I just cannot process the fact that B.B. King is no longer on this earth. How can it be? It’s like trying to imagine life without oceans, trees, and air to breathe.

No one in history changed the approach and sound of the electric guitar like B.B. King. Sure, there were T-Bone Walker and Charlie Christian before B.B. came along, but no one made the guitar sing like the king did. That bright tone, that fast vibrato, those trills and string bends all made the electric guitar sound even more vocal than the human voice.

B.B. King
B.B. King

B.B. played with a confidence and finesse that has influenced generations of guitarists such as Freddie King, Albert King, Buddy Guy, Otis Rush, Eric Clapton, Jimi Hendrix, Peter Green, Jeff Beck, Jimmy Page, Stevie Ray Vaughan, and just about every blues and rock guitar player that I can think of, including myself. Even Miles Davis claimed to be inspired by B.B. King’s guitar voicings in his autobiography.

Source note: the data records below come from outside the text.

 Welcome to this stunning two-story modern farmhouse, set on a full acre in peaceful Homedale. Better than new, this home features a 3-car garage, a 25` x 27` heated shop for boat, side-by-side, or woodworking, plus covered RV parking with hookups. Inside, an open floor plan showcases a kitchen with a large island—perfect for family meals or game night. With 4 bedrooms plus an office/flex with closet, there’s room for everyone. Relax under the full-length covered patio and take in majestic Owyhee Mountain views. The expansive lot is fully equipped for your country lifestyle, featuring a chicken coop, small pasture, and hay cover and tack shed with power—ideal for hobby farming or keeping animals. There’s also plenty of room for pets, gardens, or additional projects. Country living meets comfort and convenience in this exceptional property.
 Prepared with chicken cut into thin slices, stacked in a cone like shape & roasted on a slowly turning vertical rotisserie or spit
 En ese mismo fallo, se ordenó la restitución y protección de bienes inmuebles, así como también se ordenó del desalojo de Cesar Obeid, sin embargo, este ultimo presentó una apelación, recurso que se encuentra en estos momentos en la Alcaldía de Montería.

My greatest memories of B.B. are personal. After I got my first guitar at the age of 12, I would obsessively practice along with his records, trying to learn every lick. The albums that I focused on the most were Live At The Regal Theater, Live At The Cook County Jail, and Live And Well. I wore those records out. I knew that if I could learn to play that clean and with that much finesse that I could not only be taken seriously by adults, but I could also play in any genre of music.

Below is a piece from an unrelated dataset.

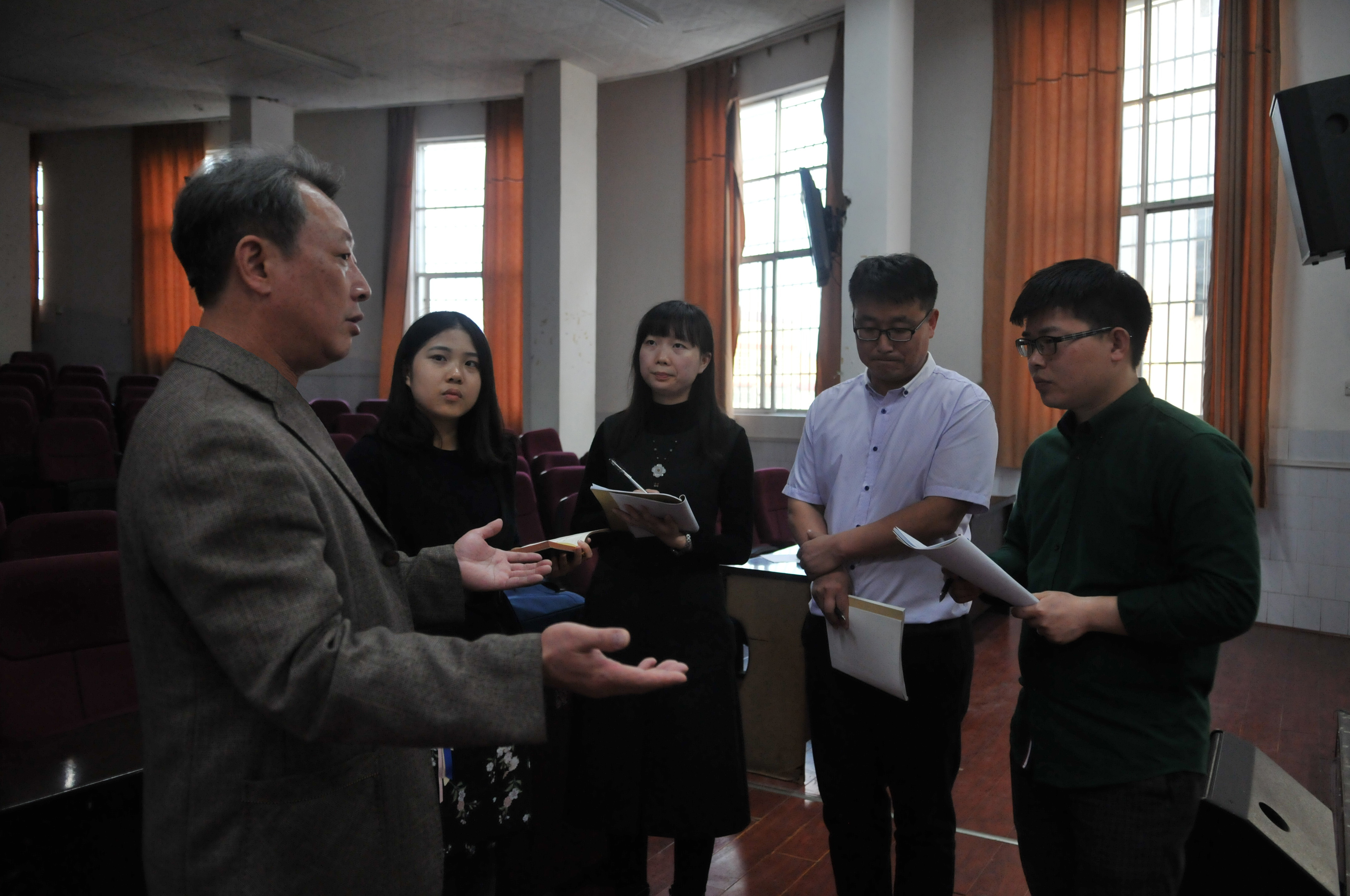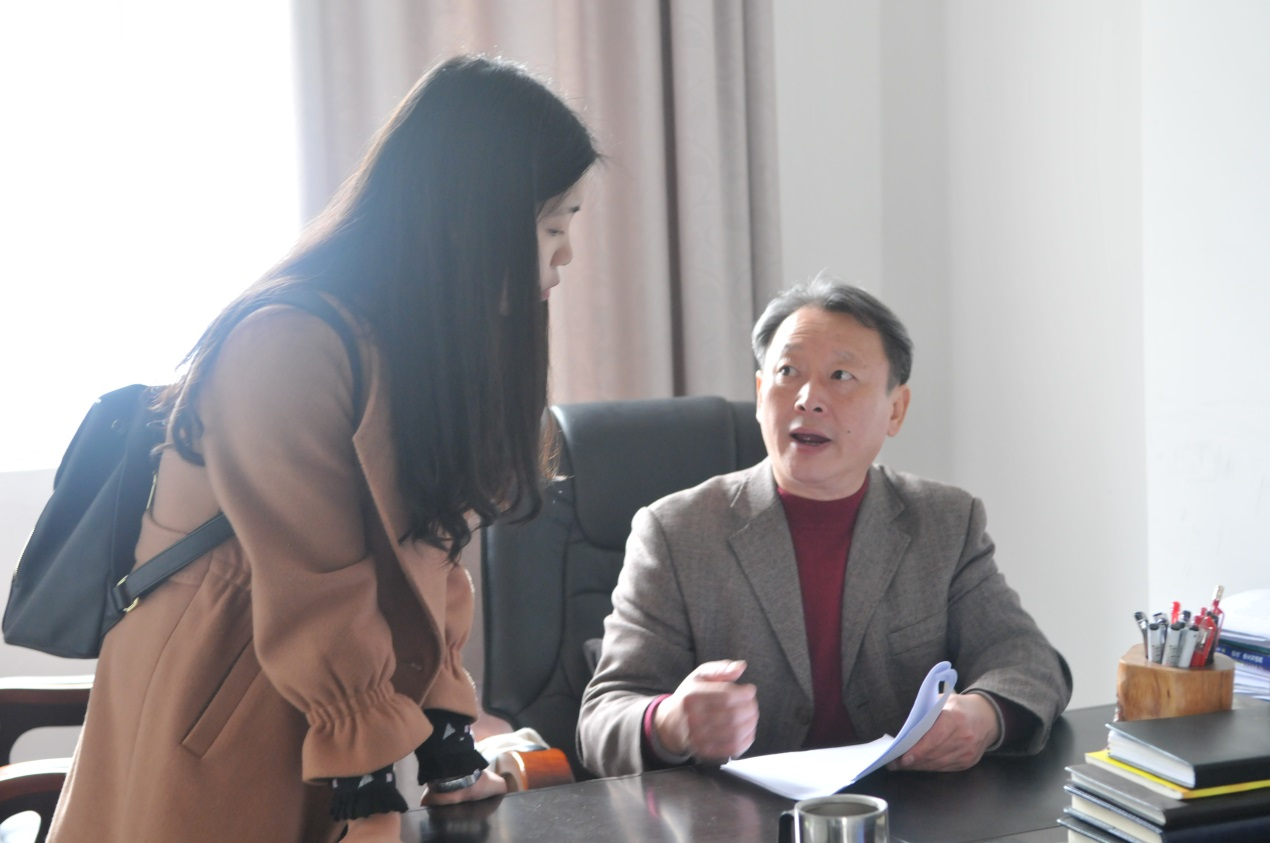 欧华恩院长和青年教师交流教学中遇到的疑惑,他喜欢和青年教师一起交流探讨,这样可以更好地对学生和教学工作进行了解。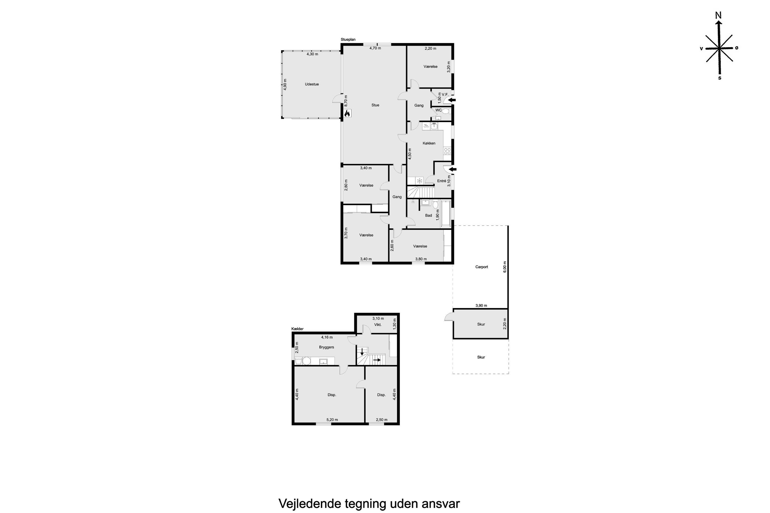 Kælderen rummer et stort disponibelt rum med værksted – oplagt til hobbyaktiviteter, opbevaring eller måske som teenageafdeling. Herudover er der et praktisk vaskerum og et viktualierum, der gør det nemt at holde orden og organisere hverdagens fornødenheder.

I was right. After a lot of hard work, I was taken seriously and I could make that B.B. King style fit anywhere. But no matter how much so many of us have tried to imitate his style, there was only one B.B. King. Anyone can discern the copy cats from the real thing by listening to one note. That’s all it takes.

On my 21st Birthday, I spent at least a couple of hours upstairs at The Blue Note in N.Y.C. hanging with B.B. after one of his spectacular performances there. We spoke about music, life, the road and women. He briefly let me play his beloved guitar Lucille and warned me about how the music business can wear you down in time. He was right about everything. I know that more today than I did then. But at that time I felt completely lost. I was head first down in the bottle and had briefly considered quitting music. That changed for me on that cold January night with B.B., and I decided not to stop playing for anything.

B.B. King never gave up in any situation and displayed more true dignity, strength, and humility in the face of adversity and hardship than any musician I have ever met.

That memory still keeps me going strong, even when the chips are down. I still go back to that night when I think of putting down the guitar. What B.B. had passed on to me that night was not mere wisdom, but the strong spiritual connection felt within the heart of the blues. B.B. King’s sound is reminiscent of that feeling we get when we first fall in love. No one could get to that mournful yet celebratory place that is the blues quicker and more gracefully than him.

B.B. King may have passed away on May 14th, 2015 at the age of 89, but his spirit and music will live on forever. I pray that the true king of the blues shall rest in peace. Thank you B.B., for giving me and so many around the world a true purpose in life.